**EXERCISE OBJECTIVE**
Only the lines below from the one that contains "(ص ٣٤ - ٣٨)." through the one that contains "하는가 싶어 전광판을" should appear in your answer, exact and without pictures.

**RECORD SET**
##########
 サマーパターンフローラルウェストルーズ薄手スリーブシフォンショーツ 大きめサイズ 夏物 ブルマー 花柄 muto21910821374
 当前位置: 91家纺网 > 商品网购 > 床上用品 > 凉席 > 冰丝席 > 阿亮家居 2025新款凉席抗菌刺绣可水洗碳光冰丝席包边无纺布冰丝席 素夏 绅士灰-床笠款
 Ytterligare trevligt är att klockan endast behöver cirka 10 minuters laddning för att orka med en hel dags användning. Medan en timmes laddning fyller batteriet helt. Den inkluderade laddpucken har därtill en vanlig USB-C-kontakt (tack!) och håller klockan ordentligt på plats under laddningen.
##########
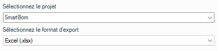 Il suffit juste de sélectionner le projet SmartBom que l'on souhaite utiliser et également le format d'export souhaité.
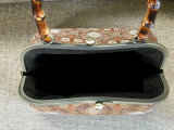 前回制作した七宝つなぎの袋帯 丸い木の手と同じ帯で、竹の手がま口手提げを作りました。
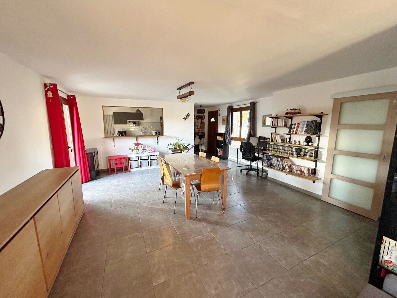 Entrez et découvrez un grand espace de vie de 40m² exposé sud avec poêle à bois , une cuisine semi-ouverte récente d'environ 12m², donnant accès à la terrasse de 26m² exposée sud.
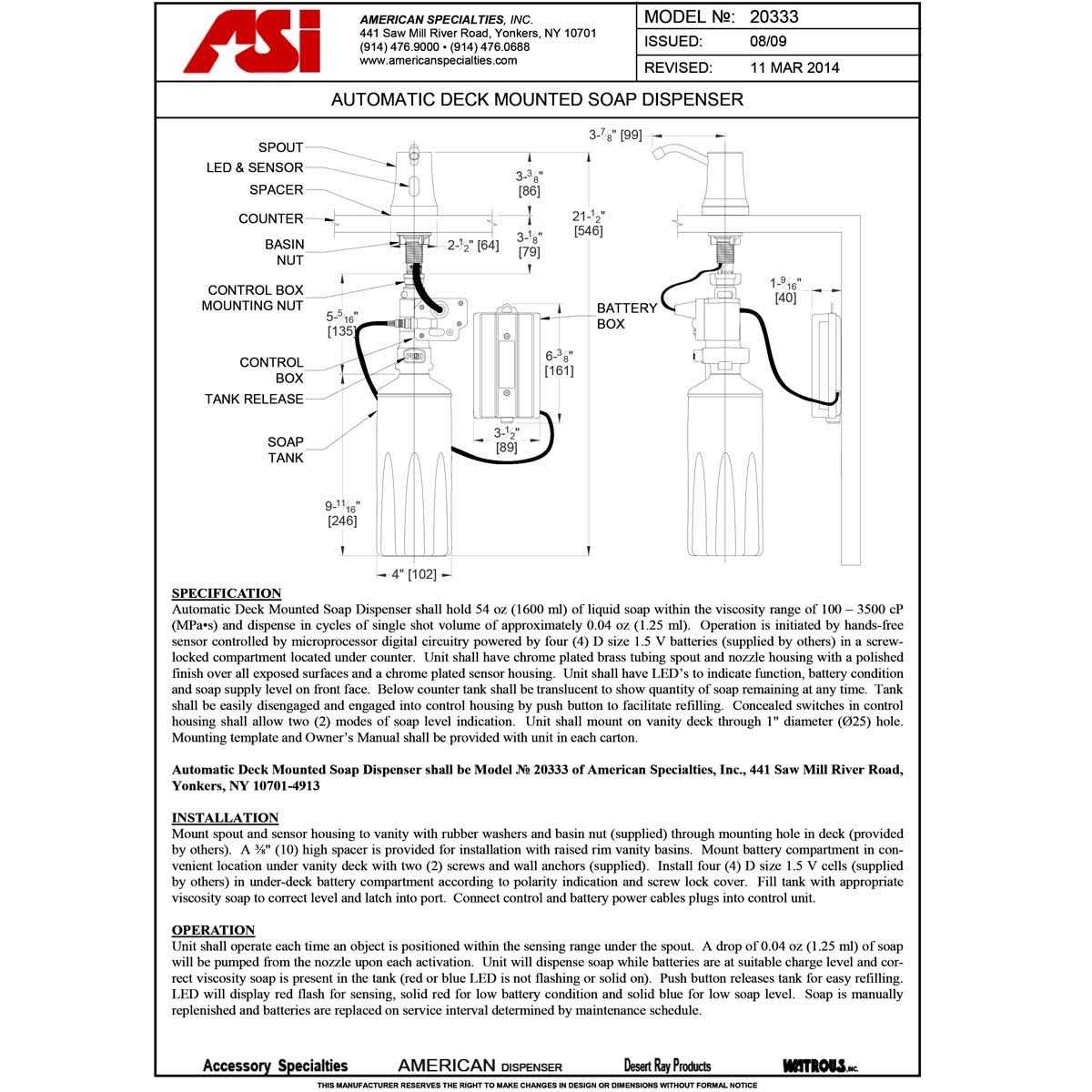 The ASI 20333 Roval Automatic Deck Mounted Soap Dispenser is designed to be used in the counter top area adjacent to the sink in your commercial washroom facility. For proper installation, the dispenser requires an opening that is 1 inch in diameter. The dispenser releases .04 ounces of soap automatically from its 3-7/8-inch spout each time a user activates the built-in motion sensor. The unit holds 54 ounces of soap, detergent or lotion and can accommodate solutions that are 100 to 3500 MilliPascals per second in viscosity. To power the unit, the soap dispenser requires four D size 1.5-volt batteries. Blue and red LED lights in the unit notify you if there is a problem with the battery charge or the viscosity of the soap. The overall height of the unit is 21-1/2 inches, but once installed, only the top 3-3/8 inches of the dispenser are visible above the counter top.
##########
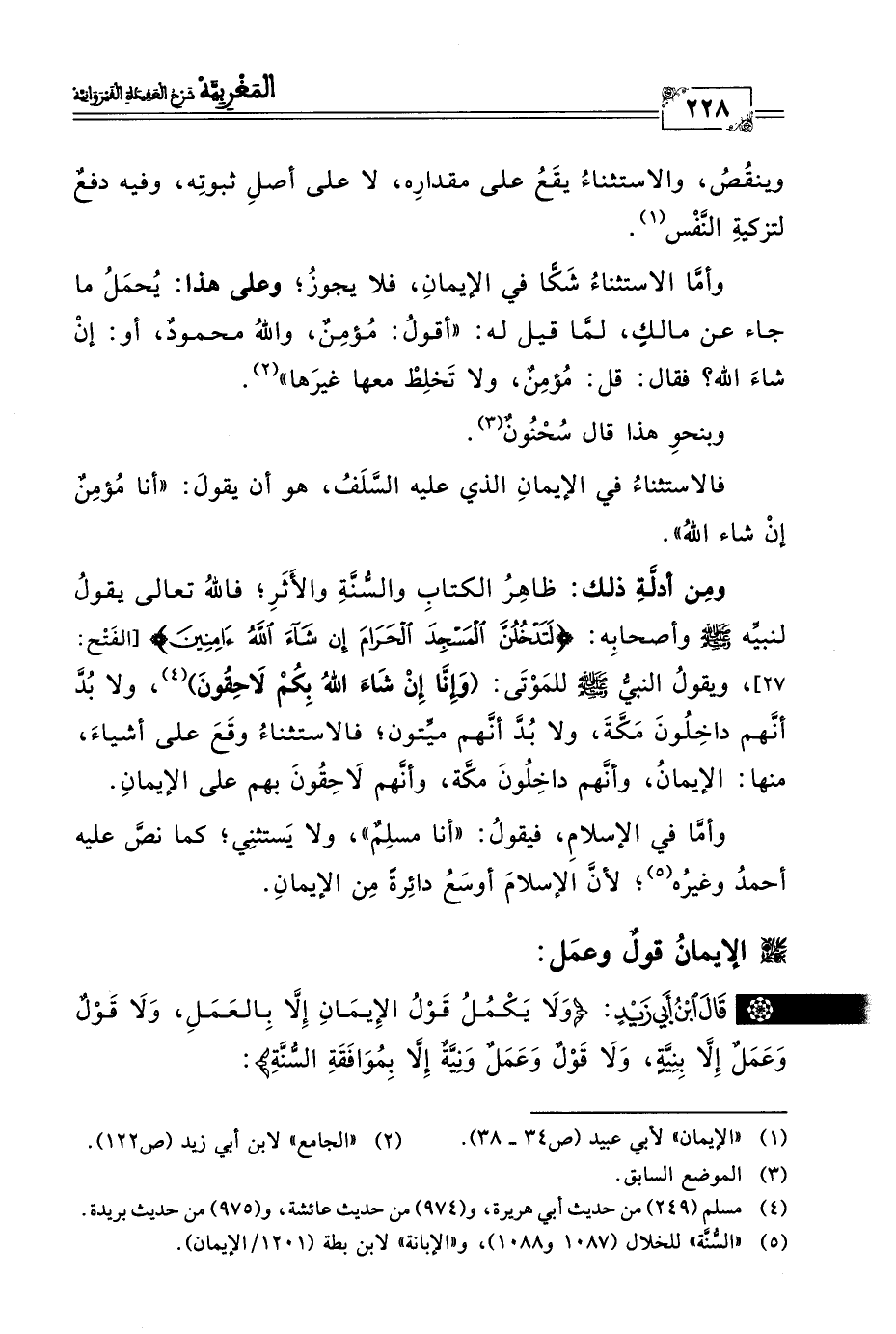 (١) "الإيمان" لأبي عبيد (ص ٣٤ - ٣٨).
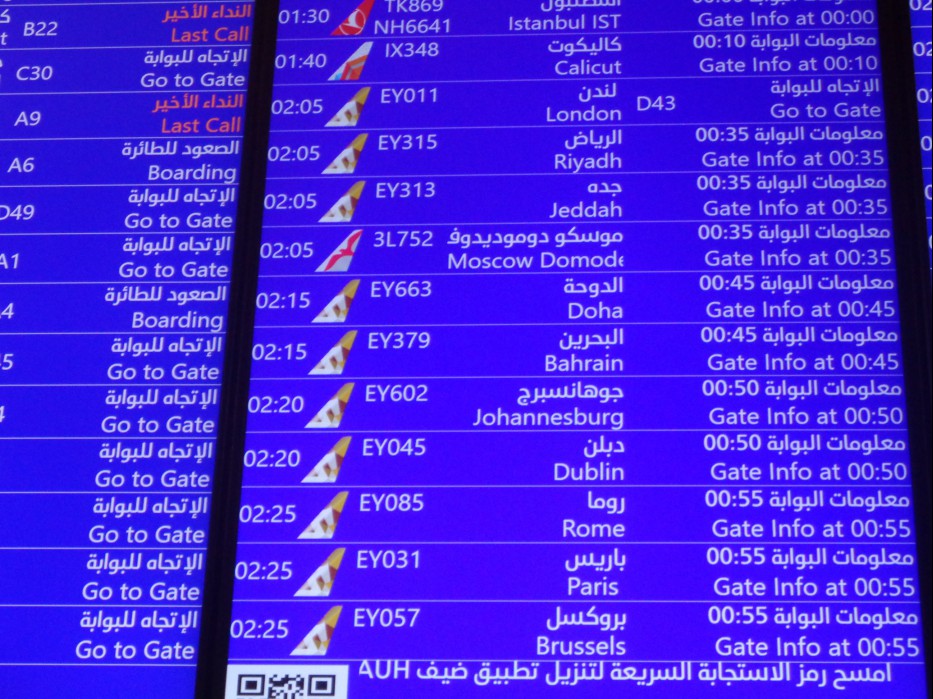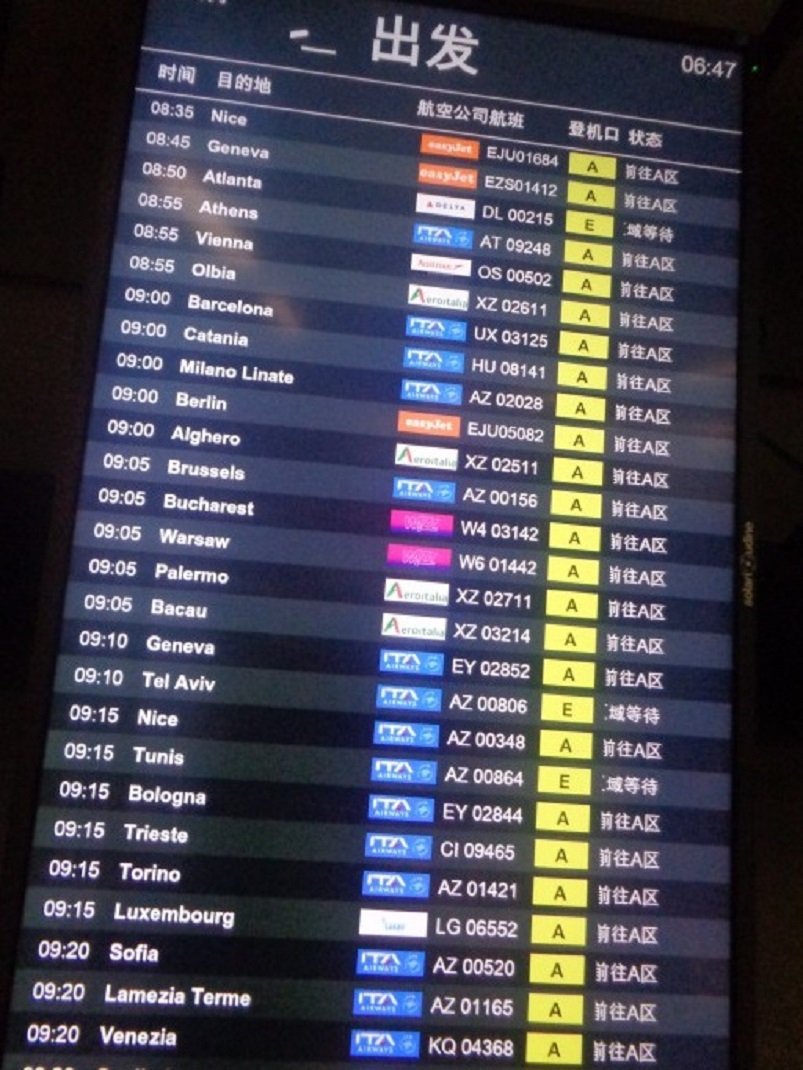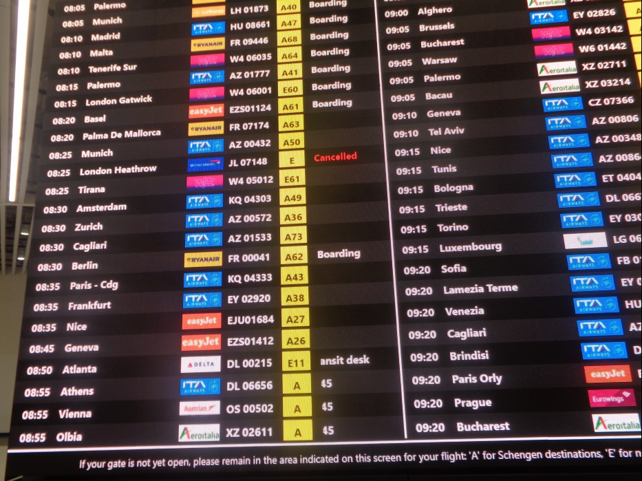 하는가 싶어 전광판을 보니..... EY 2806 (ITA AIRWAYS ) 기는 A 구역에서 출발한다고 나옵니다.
##########
**WORKED SOLUTION**
 (١) "الإيمان" لأبي عبيد (ص ٣٤ - ٣٨).
 하는가 싶어 전광판을 보니..... EY 2806 (ITA AIRWAYS ) 기는 A 구역에서 출발한다고 나옵니다.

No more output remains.